Sebelum tahun 2003, investor perorangan membayar pajak penghasilan biasa atas dividen, tetapi
tingkat yang lebih rendah pada keuntungan modal jangka panjang. Jobs dan Growth Act of 2003
mengubah ini, mengurangi tarif pajak atas pendapatan dividen menjadi sama dengan keuntungan modal
jangka panjang.10 Namun, ada dua alasan mengapa apresiasi harga saham masih dikenakan pajak lebih
baik daripada pendapatan dividen. Pertama, nilai waktu dari uang berarti bahwa satu dolar pajak yang
dibayarkan di masa depan memiliki biaya efektif yang lebih rendah daripada satu dolar yang dibayarkan
hari ini. Jadi, bahkan ketika dividen dan keuntungan dikenakan pajak yang sama, keuntungan modal
tidak pernah dikenakan pajak lebih cepat daripada dividen. Kedua, jika suatu saham dipegang sampai
pemegang saham meninggal, maka tidak ada pajak keuntungan modal yang ditimbulkan sama sekali:
penerima manfaat yang menerima saham dapat menggunakan nilainya pada tanggal kematian sebagai
basis biaya mereka dan dengan demikian sepenuhnya melarikan diri dari pajak keuntungan modal.
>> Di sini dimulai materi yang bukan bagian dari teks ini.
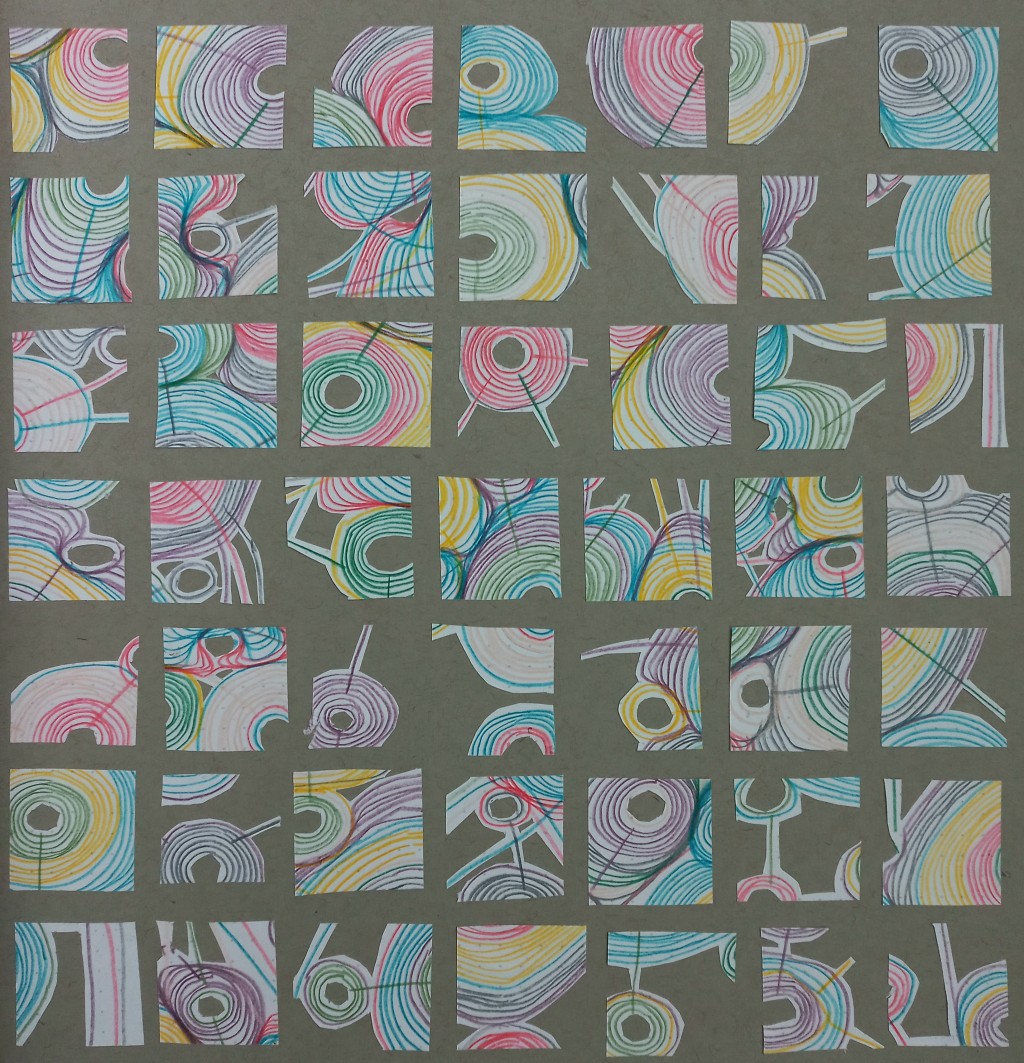 collage, colored pencil, doodle, grid, paper, squares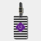 Motif à rayures noir et blanc, Étiquette violet Monogramme Un motif à rayures classique, chic et design en noir et blanc. Customisez le étiquette violet avec votre monogramme, nom ou autre texte. (Cliquez sur "Customiser" pour ajuster les tailles de police, les couleurs, etc.) 2013 ©FantabulousPatterns Tous droits réservés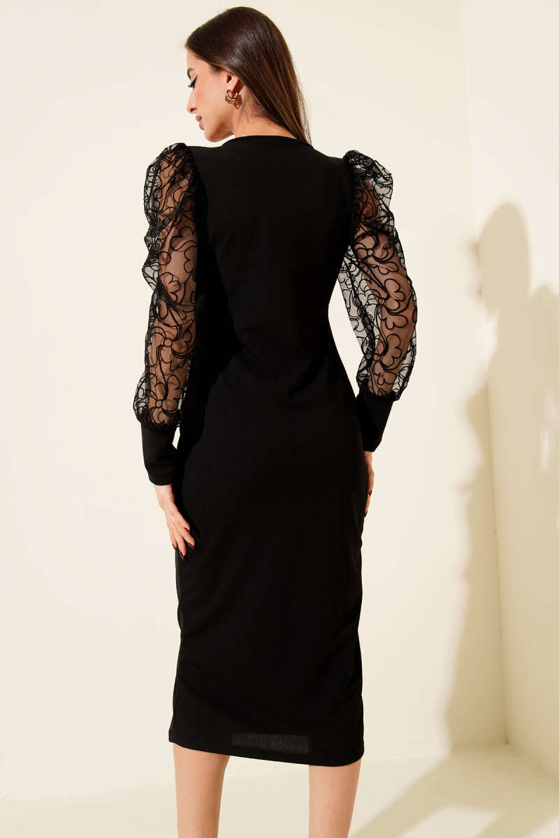 Güneş Aksesuarlı Yırtmaçlı Kadife Elbise Siyah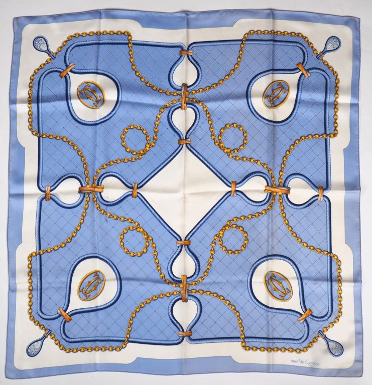 CARTIER, Must Foulard probablement en soie, à dominante bleu et or sur fond blanc. Signé.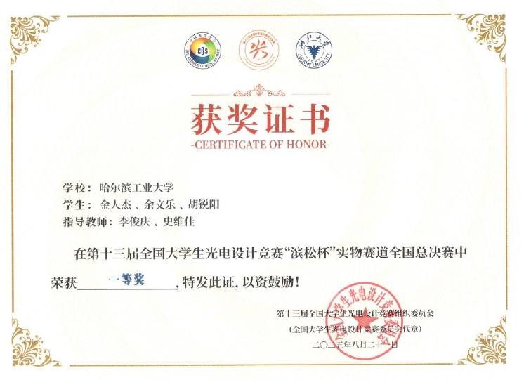 822日,在杭州举办的第十三届全国大学生光电设计竞赛滨松杯实物赛道全国总决赛中,欧冠联赛官网追光逐电队成员金人杰、余文乐、胡锐阳在第二赛题中获得一等奖。该队为一校三区所有参赛队伍中唯一获得该奖项的队伍。欧冠联赛官网李俊庆教授作为第一指导教师、仪器学院史维佳教授作为第二指导教师,二人均被评为全国优秀指导教师。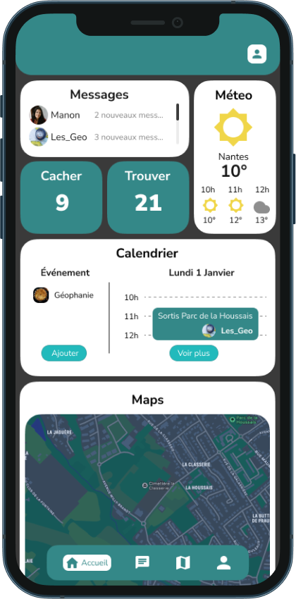 Pour notre nouvelle interface, nous avons choisi de créer une section dédiée aux adultes et une autre aux enfants. Les deux interfaces se ressemblent, mais chacune a sa propre palette de couleurs. L'interface pour enfants est considérablement simplifiée et ne contient pas toutes les fonctionnalités. Dans l’interface pour adulte on peut y retrouver: un accueil avec la météo et la température, une messagerie qui permet aux parents d’organiser des sorties entre eux mais aussi un calendrier et enfin des “Connaissances” que l’ont gagne a chaque cache trouvé.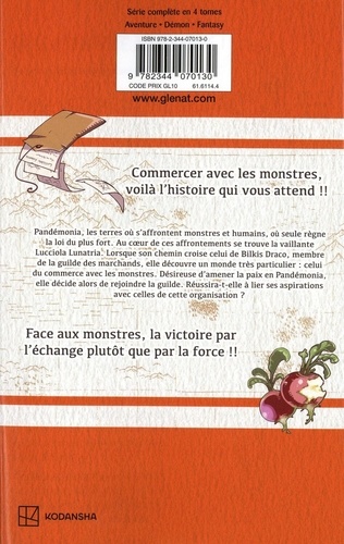 Commercer avec les monstres, voilà l'histoire qui vous attend !! Pandémonia, les terres où s'affrontent monstres et humains, où seule règne la loi du plus fort. Au coeur de ces affrontements se trouve la vaillante Lucciola Lunatria. Lorsque son chemin croise celui de Bilkis Draco, membre de la guilde des marchands, elle découvre un monde très particulier : celui du commerce avec les monstres. Désireuse d'amener la paix en Pandémonia, elle décide alors de rejoindre la guilde. Réussira-t-elle à lier ses aspirations avec celles de cette organisation ? Face aux monstres, la victoire par l'échange plutôt que par la force !!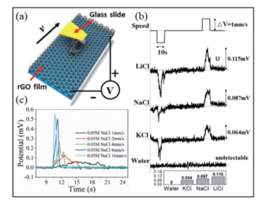 Fig. 3 在rGO薄膜上移動離子溶液液滴產生電壓。(a)用于產生電壓的實驗裝置的示意圖。(b)拖動四種液滴(LiCl、NaCl、KCl、純水)在rGO薄膜上交替滑動產生的電壓曲線。(c)拖動0.05 M NaCl溶液的液滴所產生的電壓。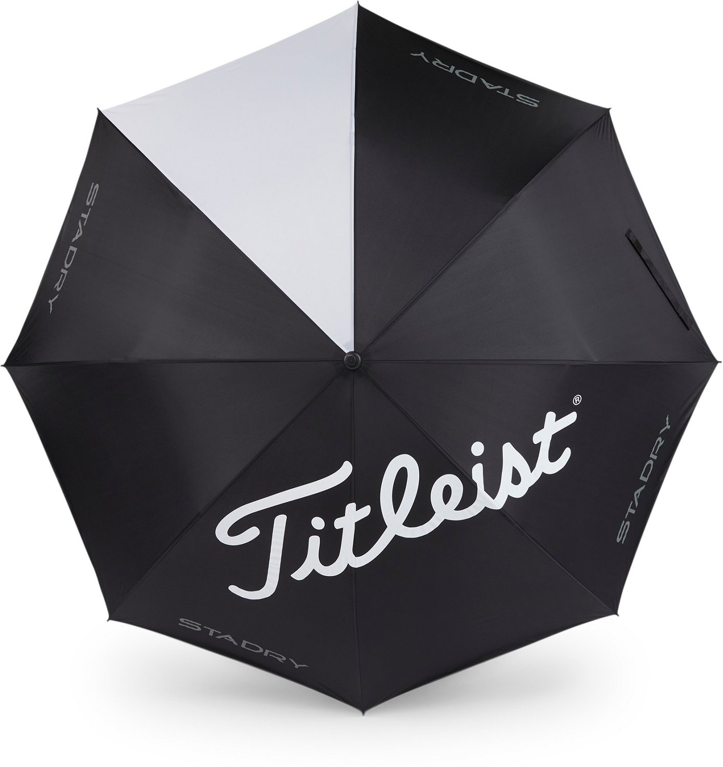 Shield yourself from inclement weather on the golf course with the Titleist StaDry Single Canopy Golf Umbrella. The reinforced struts and ribs offer durability, while the soft foam handle with debossed Titleist script gives you a comfortable hold.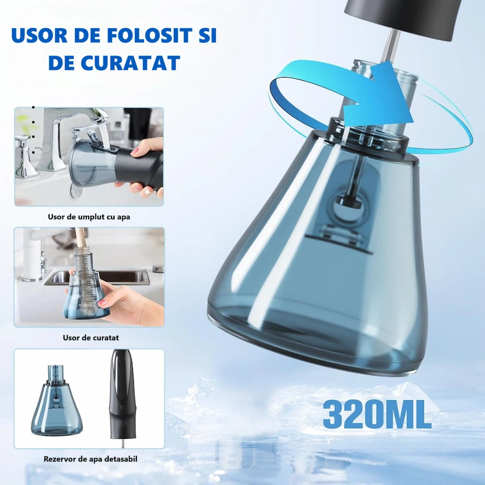 • Un rezervor mare de apa detasabil de 320 ml ofera utilizare convenabila fara a necesita o conexiune constanta la o sursa de apa.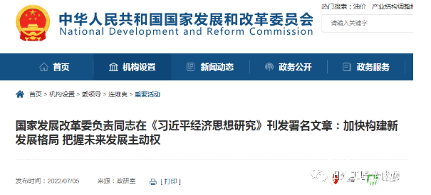 日前,国家发展改革委负责同志在《习近平经济思想研究》刊发署名文章:加快构建新发展格局 把握未来发展主动权。文章提到: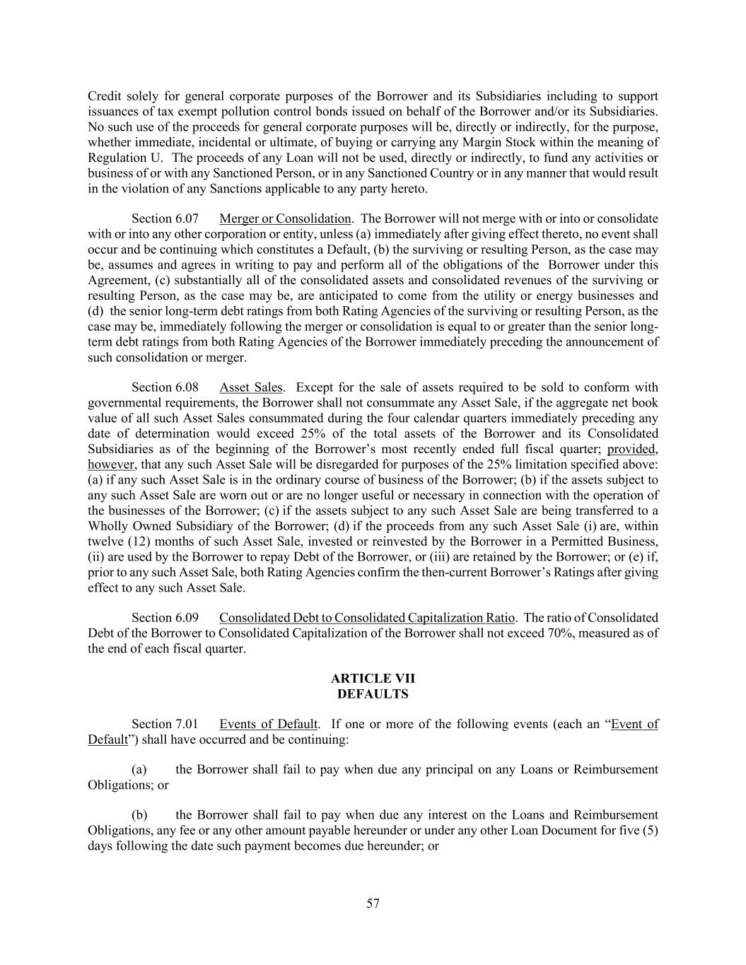 57 Credit solely for general corporate purposes of the Borrower and its Subsidiaries including to support issuances of tax exempt pollution control bonds issued on behalf of the Borrower and/or its Subsidiaries. No such use of the proceeds for general corporate purposes will be, directly or indirectly, for the purpose, whether immediate, incidental or ultimate, of buying or carrying any Margin Stock within the meaning of Regulation U. The proceeds of any Loan will not be used, directly or indirectly, to fund any activities or business of or with any Sanctioned Person, or in any Sanctioned Country or in any manner that would result in the violation of any Sanctions applicable to any party hereto. Section 6.07 Merger or Consolidation. The Borrower will not merge with or into or consolidate with or into any other corporation or entity, unless (a) immediately after giving effect thereto, no event shall occur and be continuing which constitutes a Default, (b) the surviving or resulting Person, as the case may be, assumes and agrees in writing to pay and perform all of the obligations of the Borrower under this Agreement, (c) substantially all of the consolidated assets and consolidated revenues of the surviving or resulting Person, as the case may be, are anticipated to come from the utility or energy businesses and (d) the senior long-term debt ratings from both Rating Agencies of the surviving or resulting Person, as the case may be, immediately following the merger or consolidation is equal to or greater than the senior long- term debt ratings from both Rating Agencies of the Borrower immediately preceding the announcement of such consolidation or merger. Section 6.08 Asset Sales. Except for the sale of assets required to be sold to conform with governmental requirements, the Borrower shall not consummate any Asset Sale, if the aggregate net book value of all such Asset Sales consummated during the four calendar quarters immediately preceding any date of determination would exceed 25% of the total assets of the Borrower and its Consolidated Subsidiaries as of the beginning of the Borrower’s most recently ended full fiscal quarter; provided, however, that any such Asset Sale will be disregarded for purposes of the 25% limitation specified above: (a) if any such Asset Sale is in the ordinary course of business of the Borrower; (b) if the assets subject to any such Asset Sale are worn out or are no longer useful or necessary in connection with the operation of the businesses of the Borrower; (c) if the assets subject to any such Asset Sale are being transferred to a Wholly Owned Subsidiary of the Borrower; (d) if the proceeds from any such Asset Sale (i) are, within twelve (12) months of such Asset Sale, invested or reinvested by the Borrower in a Permitted Business, (ii) are used by the Borrower to repay Debt of the Borrower, or (iii) are retained by the Borrower; or (e) if, prior to any such Asset Sale, both Rating Agencies confirm the then-current Borrower’s Ratings after giving effect to any such Asset Sale. Section 6.09 Consolidated Debt to Consolidated Capitalization Ratio. The ratio of Consolidated Debt of the Borrower to Consolidated Capitalization of the Borrower shall not exceed 70%, measured as of the end of each fiscal quarter. ARTICLE VII DEFAULTS Section 7.01 Events of Default. If one or more of the following events (each an “Event of Default”) shall have occurred and be continuing: (a) the Borrower shall fail to pay when due any principal on any Loans or Reimbursement Obligations; or (b) the Borrower shall fail to pay when due any interest on the Loans and Reimbursement Obligations, any fee or any other amount payable hereunder or under any other Loan Document for five (5) days following the date such payment becomes due hereunder; or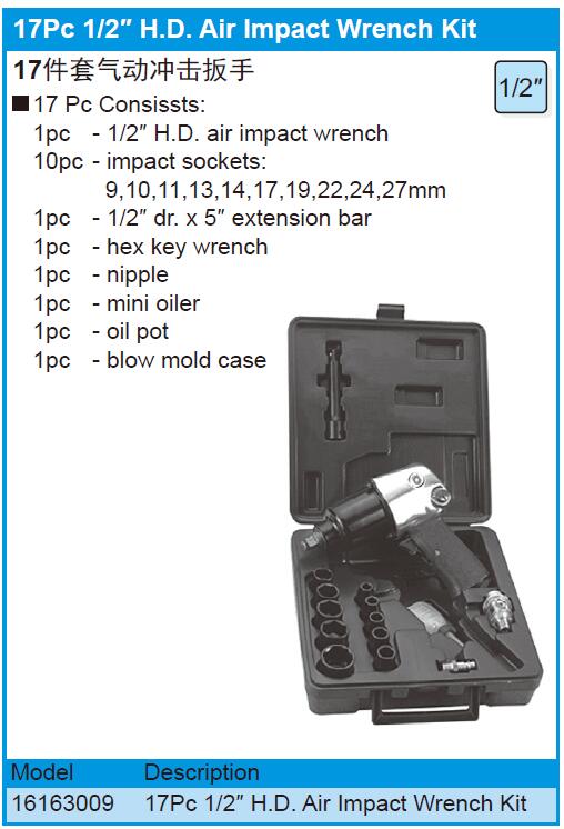 17Pc 1/2″ H.D. Air Impact Wrench Kit
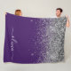 Purple Silver Glitter Girly Glam Monogram Fleece Blanket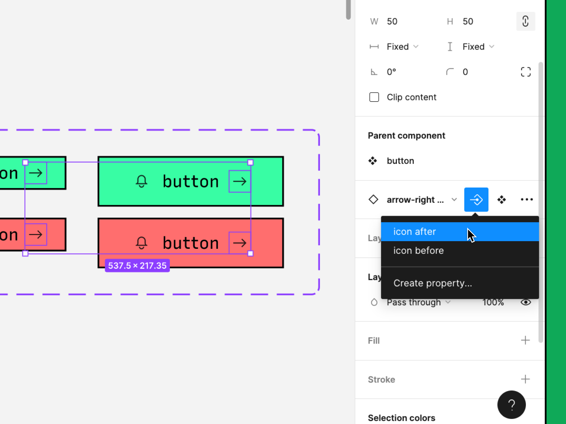 단, 자식 레이어에서는 변형(Variants) 속성을 생성할 수 없다.

Karena dividen dalam beberapa kasus dikenakan pajak lebih tinggi daripada keuntungan modal, investor
mungkin memerlukan tingkat pengembalian pra-pajak yang lebih tinggi untuk mendorong mereka
membeli saham deviden. Oleh karena itu, investor dapat memilih bahwa perusahaan meminimalkan
dividen. Jika demikian, maka investor harus bersedia membayar lebih untuk perusahaan dengan
pembayaran rendah daripada untuk perusahaan pembayaran tinggi yang sama
Bukti Empiris pada Kebijakan Distribusi
Sangat sulit untuk membangun tes empiris sempurna tentang hubungan antara pembayaran kebijakan
dan tingkat pengembalian yang diminta atas saham. Pertama, semua faktor selain distribusi tingkat
harus dipertahankan konstan; yaitu, perusahaan sampel hanya boleh berbeda dalam tingkat distribusi
mereka. Kedua, biaya ekuitas masing-masing perusahaan harus diukur dengan tingkat akurasi yang
tinggi. Sayangnya, kami tidak dapat menemukan satu set perusahaan milik publik yang hanya berbeda
dalam tingkat distribusinya, juga tidak dapat kami peroleh perkiraan yang tepat dari biaya ekuitas. Oleh
karena itu, belum ada yang mengidentifikasi hubungan yang benar-benar tidak ambigu antara tingkat
distribusi dan biaya ekuitas atau nilai perusahaan. Meskipun tidak ada tes empiris yang sempurna, bukti
terbaru menunjukkan hal itu perusahaan dengan pembayaran dividen yang lebih tinggi juga memiliki
laba yang dibutuhkan lebih tinggi. 12 Ini cenderung mendukung hipotesis efek pajak, meskipun ukuran
pengembalian yang diminta terlalu tinggi sepenuhnya dijelaskan oleh pajak. Biaya agensi harus paling
parah di negara-negara dengan perlindungan investor yang buruk. Di negara-negara seperti itu,
perusahaan dengan pembayaran dividen tinggi harus dihargai lebih tinggi daripada mereka dengan
pembayaran rendah karena pembayaran tinggi membatasi sejauh mana para manajer dapat mengambil
alih kekayaan pemegang saham. Penelitian terbaru menunjukkan bahwa inilah yang terjadi mendukung
hipotesis preferensi dividen dalam kasus perusahaan dengan berat masalah keagenan.13
Meskipun bukti dari penelitian ini bercampur apakah investor rata-rata seragam lebih suka tingkat
distribusi yang lebih tinggi atau lebih rendah, penelitian lain tidak menunjukkan bahwa investor individu
memiliki preferensi yang kuat. Juga, penelitian lain menunjukkan bahwa investor lebih memilih
pembayaran dividen yang stabil dan dapat diprediksi (terlepas dari pembayarannya level) dan bahwa
mereka menginterpretasikan perubahan dividen sebagai sinyal tentang prospek masa depan
perusahaan. Kami membahas masalah ini di beberapa bagian berikutnya.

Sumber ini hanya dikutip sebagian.